- Work to be completed -
One exact copy of the listing is needed. It should contain no pictures.

- Source data -
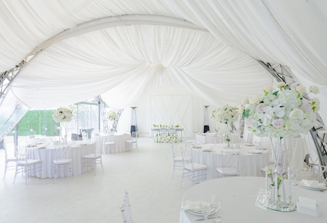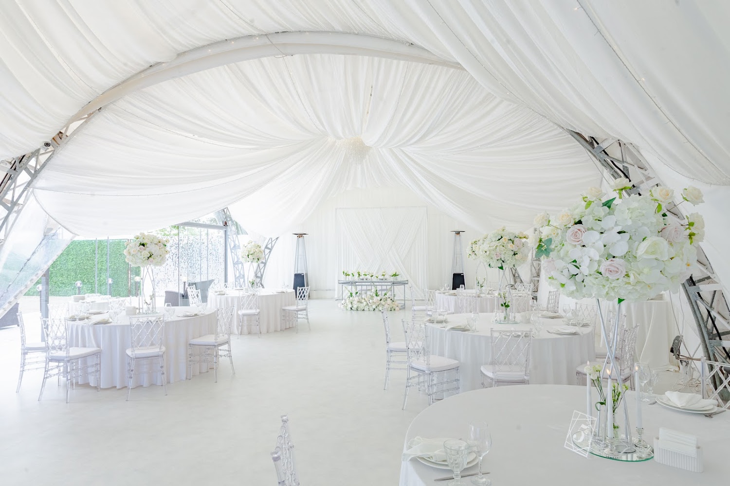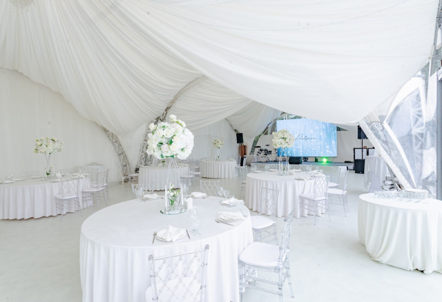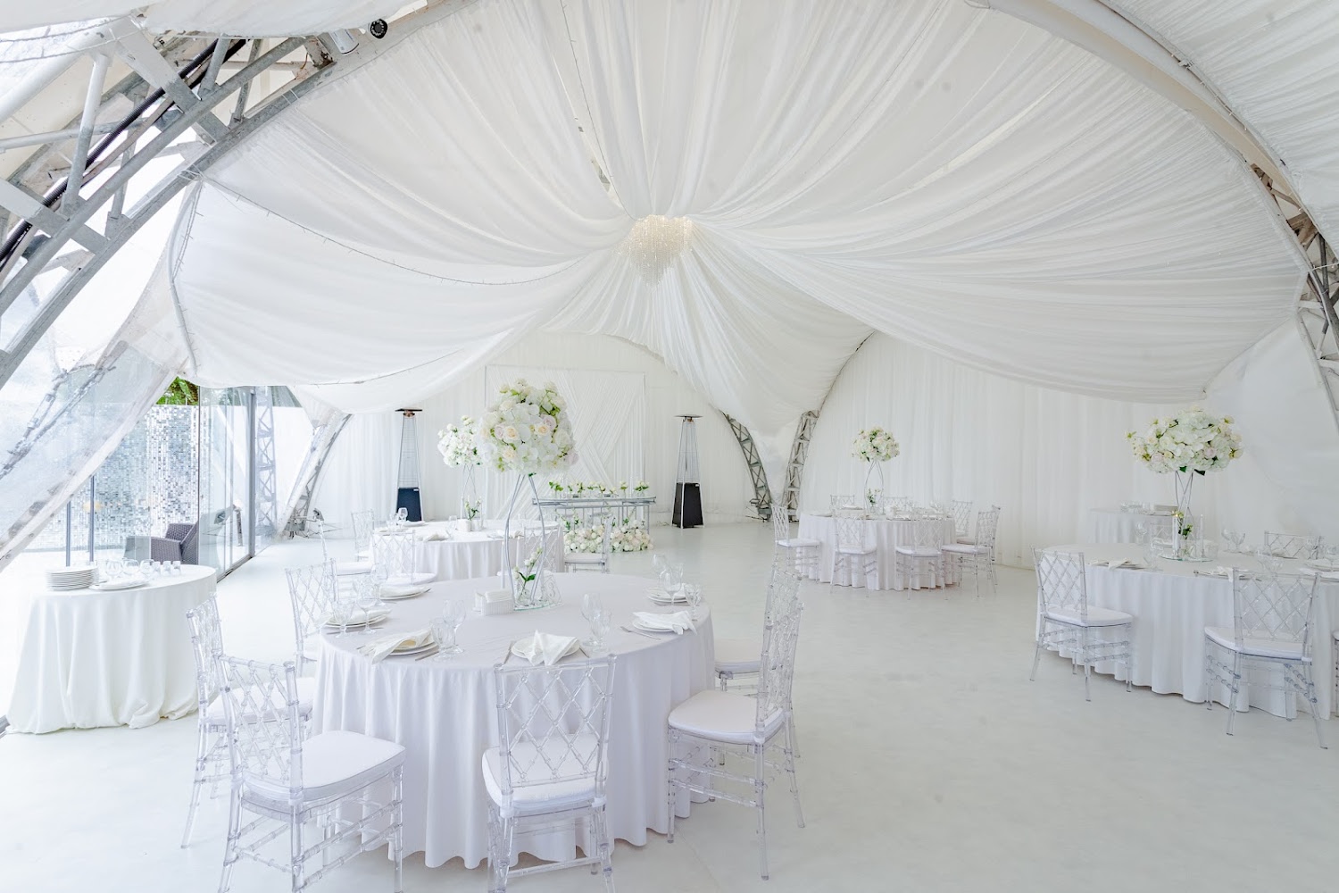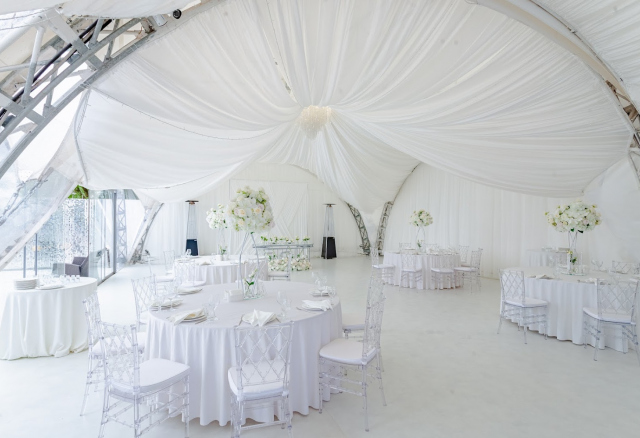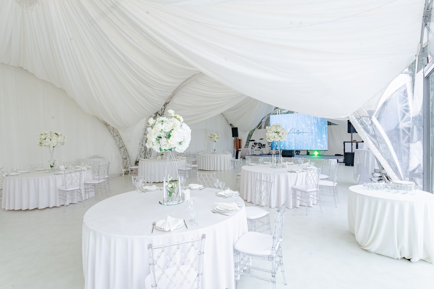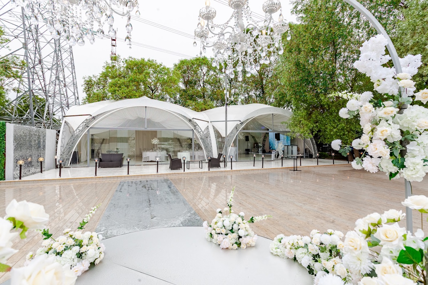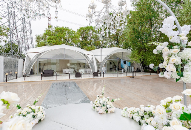 Белоснежный красивый новый шатер расположен в Подмосковье всего в 10 км от Москвы. Размер свадебной площадки составляет 200 м2 и спокойно вмещает до 100 гостей банкетной рассадки. Из зала открывается фантастическая панорама на воду и яхты. Застекленный шатер защищает от ветра и дождливой погоды, а безрамное раздвижное остекление придает площадке стиль и уникальность. При теплой и солнечной погоде стекла полностью раздвигаются, что дает возможность наслаждаться красотами природы!
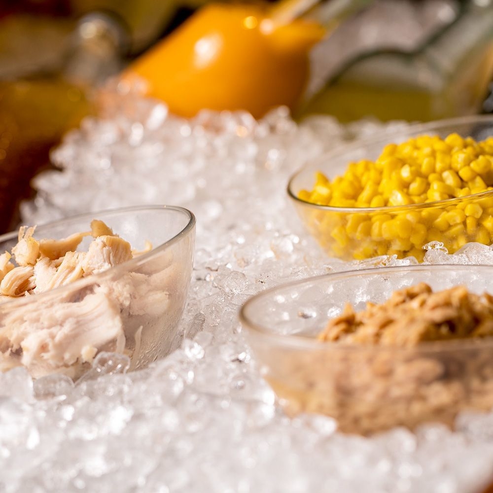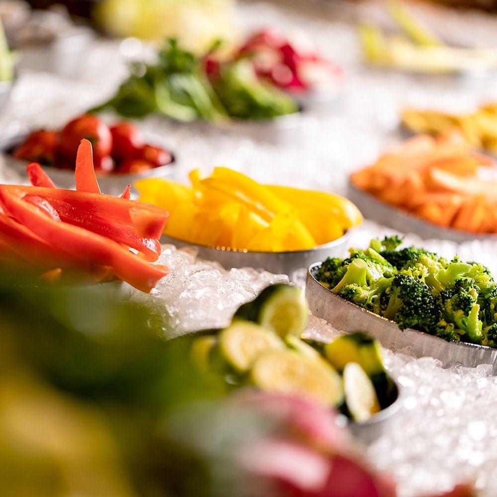 サラダバー・燻製カレー・ライス・スープ・ドリンクバーが食べ飲み放題でお楽しみいただけます。サラダバーは、ディナータイムで女性に人気の高い「素材マーケット」の新鮮野菜を13~20種類前後、ドレッシングはフルーツビネガー・シーザードレッシング・和風オニオンなど4~5種類ご用意。しっかり食べたい方向けに、牛・豚・鶏・魚の4種類の追加メニューもございます。
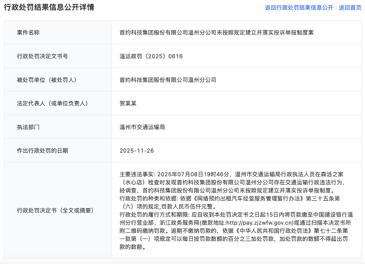 海报新闻记者近日报道,温州市交通运输局对首粤科技集团有限公司温州分公司(以下简称“首粤科技温州分公司”)给予行政处分。未按照规定建立并执行投诉举报制度的,依法处以5000元罚款。官方处罚信息显示,2025年7月8日19时46分,温州市交通运输局行政执法人员在对宣化子楼(水心店)检查时发现首悦科技温州分公司存在违法运输行政违法行为。经执法部门进一步调查核实,该公司在业内未建立并执行规定的投诉举报制度,违反相关规定。基于以上所述事实证明,2025年11月26日,温州市交通运输局依据《网络预约出租车运营服务暂行管理办法》第三十五条第六款的规定,对首约科技温州分公司作出行政处罚决定书,处以5000元罚款。公开资料显示,首悦科技温州分公司是母公司首悦科技集团有限公司的分公司,首悦科技集团有限公司是北京国资管理的子公司。成立于2015年,注册资本2亿元,实收资本2亿元。法定代表人为梁峰先生。我们的主营业务是互联网及相关服务,我们的主要品牌是“首汽调度”。

- Response box -
 Белоснежный красивый новый шатер расположен в Подмосковье всего в 10 км от Москвы. Размер свадебной площадки составляет 200 м2 и спокойно вмещает до 100 гостей банкетной рассадки. Из зала открывается фантастическая панорама на воду и яхты. Застекленный шатер защищает от ветра и дождливой погоды, а безрамное раздвижное остекление придает площадке стиль и уникальность. При теплой и солнечной погоде стекла полностью раздвигаются, что дает возможность наслаждаться красотами природы!
 サラダバー・燻製カレー・ライス・スープ・ドリンクバーが食べ飲み放題でお楽しみいただけます。サラダバーは、ディナータイムで女性に人気の高い「素材マーケット」の新鮮野菜を13~20種類前後、ドレッシングはフルーツビネガー・シーザードレッシング・和風オニオンなど4~5種類ご用意。しっかり食べたい方向けに、牛・豚・鶏・魚の4種類の追加メニューもございます。
 海报新闻记者近日报道,温州市交通运输局对首粤科技集团有限公司温州分公司(以下简称“首粤科技温州分公司”)给予行政处分。未按照规定建立并执行投诉举报制度的,依法处以5000元罚款。官方处罚信息显示,2025年7月8日19时46分,温州市交通运输局行政执法人员在对宣化子楼(水心店)检查时发现首悦科技温州分公司存在违法运输行政违法行为。经执法部门进一步调查核实,该公司在业内未建立并执行规定的投诉举报制度,违反相关规定。基于以上所述事实证明,2025年11月26日,温州市交通运输局依据《网络预约出租车运营服务暂行管理办法》第三十五条第六款的规定,对首约科技温州分公司作出行政处罚决定书,处以5000元罚款。公开资料显示,首悦科技温州分公司是母公司首悦科技集团有限公司的分公司,首悦科技集团有限公司是北京国资管理的子公司。成立于2015年,注册资本2亿元,实收资本2亿元。法定代表人为梁峰先生。我们的主营业务是互联网及相关服务,我们的主要品牌是“首汽调度”。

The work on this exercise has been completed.